Transcribe the entries below exactly, starting with the line that has "και της μουσικής." and stopping after the line that has "HONOR smartfon - Sistem: MagicOS"; no pictures belong in the copy.
Data under study: Begin
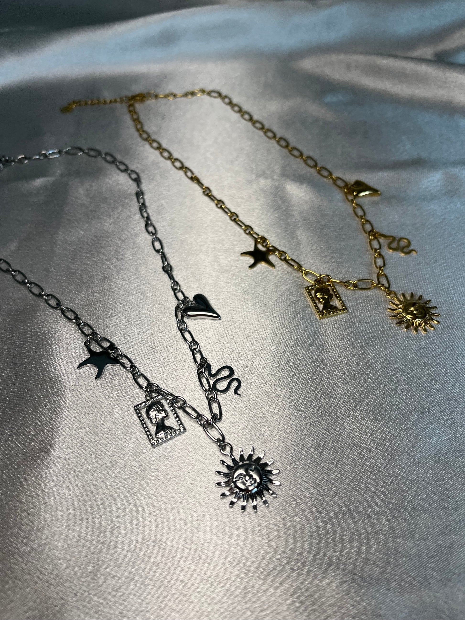 Le pendentif JEANNE séduit par son esprit charm’s raffiné, où chaque détail raconte une histoire. Un bijou fort en caractère, idéal pour donner du style et de la personnalité à vos tenues.
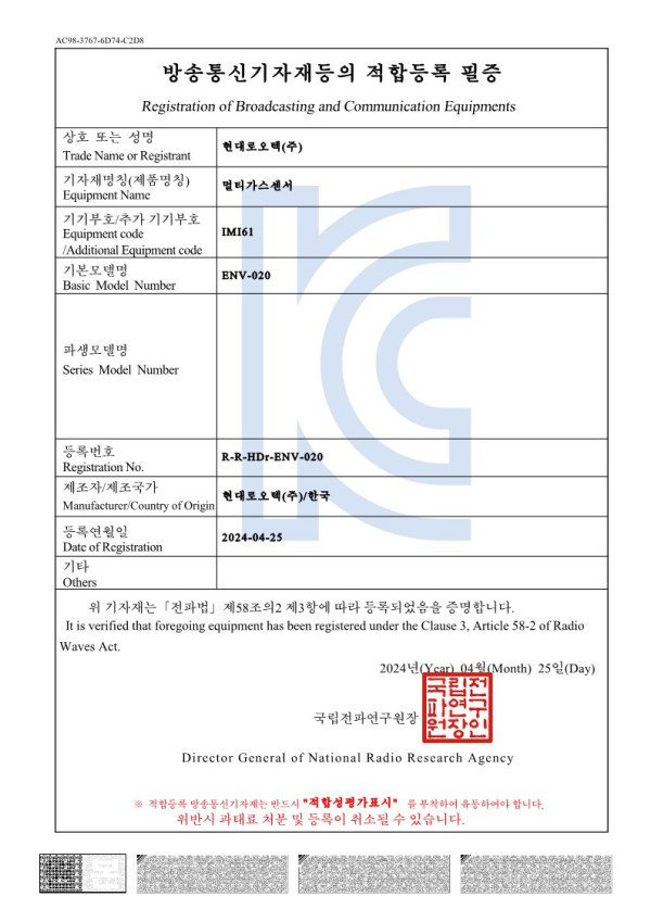 ENV-020 멀티가스센서_방송통신기자재등의 적합등록필증 > 인증서
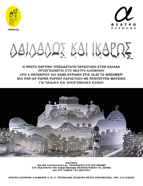Η ομάδα «Αφού» παρουσιάζει την πρώτη χάρτινη τρισδιάστατη παράσταση στην Ελλάδα «Δαίδαλος και Ίκαρος» στο θέατρο Αλκμήνη από 2 Οκτωβρίου 2022 και κάθε Κυριακή στις 12 το μεσημέρι για όλη την οικογένεια και καθημερινές για σχολεία. «Ο Δαίδαλος και Ίκαρος», η πρώτη pop up paper puppet παράσταση, που παρουσιάστηκε με επιτυχία στο πρόγραμμα «Όλη η Ελλάδα Ένας Πολιτισμός» 2021 του Υπουργείου Πολιτισμού, παντρεύει αριστοτεχνικά την τέχνη του θεάτρου, της εμψύχωσης, του κουκλοθεάτρου, των εικαστικών, της αφήγησης και της μουσικής.
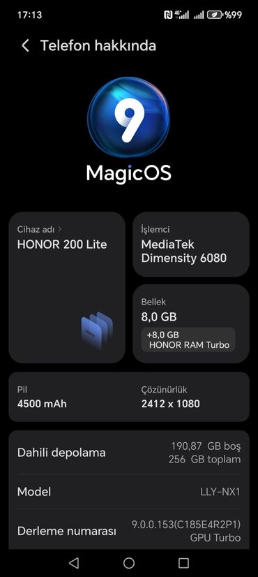 HONOR smartfon - Sistem: MagicOS 9.0 (Android 15) - Prosessor: MediaTek Dimensity 6080 - RAM: 8 GB + 8 GB HONOR RAM Turbo - Daxili yaddaş: 256 GB (təxminən 173.7 GB boş) - Ekran: 2412×1080 həlli, ...
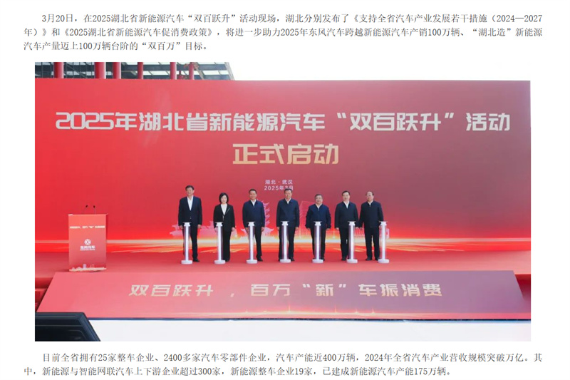 3月19日 (下午)三部門聯(lián)合升級貨車更新政策:交通運(yùn)輸部、發(fā)改委、財(cái)政部將老舊貨車補(bǔ)貼范圍擴(kuò)展至國三/國四排放車輛,取消燃料類型限制。根據(jù)新規(guī),提前報(bào)廢并更換新能源貨車的企業(yè)最高可獲14萬元/車補(bǔ)貼,購置國六車型補(bǔ)貼7萬元。政策特別設(shè)置"綠色通道",對參與氫燃料電池車示范運(yùn)營的企業(yè)額外給予3萬元運(yùn)營補(bǔ)貼。支持資金按照總體9:1的原則實(shí)行央地共擔(dān)。 3月20日 湖北省確定汽車產(chǎn)業(yè)“雙百萬”目標(biāo) 湖北省分別發(fā)布了《支持全省汽車產(chǎn)業(yè)發(fā)展若干措施(2024—2027年)》和《2025湖北省新能源汽車促消費(fèi)政策》,將進(jìn)一步助力2025年“湖北造”新能源汽車產(chǎn)量邁上100萬輛臺(tái)階的目標(biāo)。 3月21日 大同構(gòu)建新能源商用車生態(tài)圈 3月29日 央企重組開啟產(chǎn)業(yè)新格局 3月,財(cái)政部的扶持政策不僅延長了購置稅減免期限,還加大了對充換電基礎(chǔ)設(shè)施和智能網(wǎng)聯(lián)技術(shù)的投入,為新能源專用車的市場推廣和基礎(chǔ)設(shè)施建設(shè)提供了有力保障。此外,三部門聯(lián)合升級的貨車更新政策,提供了豐厚的補(bǔ)貼,將促進(jìn)新能源專用車的銷售。湖北省確定汽車產(chǎn)業(yè)“雙百萬”目標(biāo)不僅為當(dāng)?shù)?/span>提供了政策支持和市場需求保障,還促進(jìn)了產(chǎn)業(yè)鏈的協(xié)同發(fā)展和新能源專用車的普及推廣。這一系列政策將有助于推動(dòng)新能源專用車產(chǎn)業(yè)的快速發(fā)展和壯大。 |
Data under study: End
Final answer -
Η ομάδα «Αφού» παρουσιάζει την πρώτη χάρτινη τρισδιάστατη παράσταση στην Ελλάδα «Δαίδαλος και Ίκαρος» στο θέατρο Αλκμήνη από 2 Οκτωβρίου 2022 και κάθε Κυριακή στις 12 το μεσημέρι για όλη την οικογένεια και καθημερινές για σχολεία. «Ο Δαίδαλος και Ίκαρος», η πρώτη pop up paper puppet παράσταση, που παρουσιάστηκε με επιτυχία στο πρόγραμμα «Όλη η Ελλάδα Ένας Πολιτισμός» 2021 του Υπουργείου Πολιτισμού, παντρεύει αριστοτεχνικά την τέχνη του θεάτρου, της εμψύχωσης, του κουκλοθεάτρου, των εικαστικών, της αφήγησης και της μουσικής.
 HONOR smartfon - Sistem: MagicOS 9.0 (Android 15) - Prosessor: MediaTek Dimensity 6080 - RAM: 8 GB + 8 GB HONOR RAM Turbo - Daxili yaddaş: 256 GB (təxminən 173.7 GB boş) - Ekran: 2412×1080 həlli, ...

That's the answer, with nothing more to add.